Intro to Statistics and Data Science

2 STAT 301-2 Final Project

Aside from the labs, you will complete a final project to showcase your foundational analytical abilities and model-building skills on a dataset of your choosing. You will locate a dataset, clean and join it as necessary, conduct an exploratory data analysis, build models to answer research questions (can be predictive or inferential), and compile a report on your results.

2.1 Milestones

Submission of data memo (end of first 1/3 of course). You will prepare a data memo, including but not limited to the following:

  • Proposed project timeline. When do you expect to have your dataset loaded into R? When do you expect to start your analysis?
  • Simple overview of the dataset. What does the dataset document? How do you plan to collect it? (Is it a simple download, a webscrape, etc? Provide a formal citation.) How big is the dataset? What kinds of variables will you be dealing with? Any missingness? Do you need to join two or more sources of data together?
  • Description of potential research questions. Are they predictive or inferential? Are these questions best answered by a classification or regression-based approach? What is the response variable? Which variables do you suspect will be useful in modeling the response?
  • Any difficulties you may encounter along the way. Is the data collection mechanism complicated? Is there significant missingness in the data?
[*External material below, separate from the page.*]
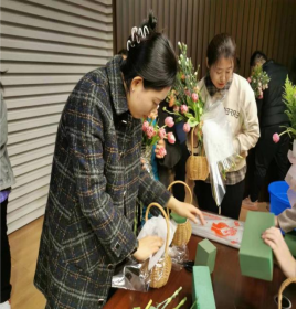 之后进行了插花活动,教职工们纷纷来到台上,挑选自己心仪的鲜花,设计自己的花篮作品,插花过程中陶冶情操,气氛热闹而祥和😱。此时的她们不仅是祖国栋梁的培育者🕒,更是爱花爱美爱生活的伟大女性。

The memo should conform to the style guide and should be completed in RMarkdown. Neatness, organization, and reproducibility of your memo will have a significant influence on your grade!

Report rough draft (nearing the end of the quarter). Your report should be started well before finals week, when the final submission is due. The rough draft should be essentially complete by reading week, pending some graphics or final tabulated results. We make this stipulation for two reasons. First, you’ll deliver a presentation during reading week on your work, which depends on having the work mostly done. Second, if anything unexpected arises, you can get help from the instructors well before the due date!
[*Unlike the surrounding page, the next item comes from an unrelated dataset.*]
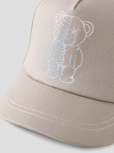 Otroška fantovska kapa s šiltom, s potiskom spredaj, nastavljiva širina zadaj. Material: 100% bombaž. Velikosti: 47/48: 1-1,5 let, 49/50: 2-3 leta, 51/52: 4-5 let

Essential components of a complete final report include, but are not limited to:

  • Introduce your data and research question with a couple paragraphs
  • An exploratory data analysis that is either motivated by or leads naturally to your research question(s), including illustrative tables and graphics
  • Attempts to fit a couple different models and some notion of how each model performs, either using a validation set (okay) or cross-validation (preferred) – make sure you use appropriate performance measures!
  • The performance of your best model on a performance set – as before, make sure it is an appropriate performance measure! Is the performance satisfactory?
  • Debrief and next steps: what additional data resources would help improve the performance of your model? Which features of the model you selected make it the best (e.g. fits nonlinearity well)? Do any new research questions arise?
  • A smooth, descriptive narrative that binds all of the above into a readable report

Final report and executive summary presentation (end of quarter). The final report should include the components above. Your analysis scripts and project file will be submitted alongside the final report.

In addition, you will produce an executive summary detailing the high points of your analysis – think of it as driving the same narrative as your report, really fast. The summary should be composed of graphics, tables, and bullet points organized in a compelling manner.

You will present your executive summary in small groups. Anticipate 8-10 minutes of presentation, and another 5 minutes for questions.

2.2 Submission

Your final project will be submitted on Canvas. You should include your report (.Rmd + built .html or .pdf) and executive summary (.ppt/x or .pdf), your analysis script (.R), the R project file (.Rproj), and your raw data files as one compressed file (.zip preferred, but other formats are acceptable, e.g. .tar.gz). The instructors should be able to download your compressed file, dump the contents into a directory, open the project file in RStudio, and run the script without errors.

Neatness, organization, and reproducibility of your project will have a significant influence on your grade!